Like all four of Chekhov’s great country estate plays, The Seagull is simultaneously comic and tragic. Most productions struggle about which quality should be given more weight. This one gets the balance right. Christopher Hampton can claim part of the credit. His new translation of the play is colloquial without sounding trivial. You get the feeling that if Chekhov were writing in English today, these are the exact words he would have chosen. Ian Rickson’s direction is equally lucid and he clearly knows how to cast a play.
Chekhov gives all of the characters in The Seagull a chance to spread their wings and the actors in this production, even those in the smaller supporting roles, soar. Peter Wright brings a wistful poignancy to Sorin, Arkadina’s older brother who regrets the choices he’s made in his life. Art Malik is wry and amusing as Dorn, the doctor who is close to the family.

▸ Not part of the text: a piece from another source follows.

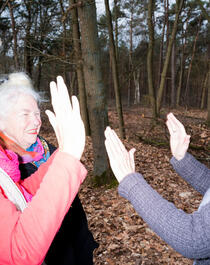 ’T Heidenhuis dementia day care centre. Rie Kempen van Hinsberg (82) at the outddor gymnastics.

In fact, the only one who seemed earthbound to me was Peter Sarsgaard as Trigorin, the writer who is the young lover in Arkadina’s life and angles to be the older one in Nina’s. I get that Trigorin is supposed to be on to the fact that he’s something of a poseur and I’ve loved Sarsgaard in indie films like “Kinsey” and “Shattered Glass” but his Trigorin is too laid back and lacks the sex appeal that would make it clear why either woman might want him. The Nigerian-British actor Chiwetel Ejiofor, who recently won the Olivier for his portrayal of Othello, played Trigorin in London and I’ve read that he brought an appealing insouciance—and sexiness—to the role that I wished we Yanks had been able to see.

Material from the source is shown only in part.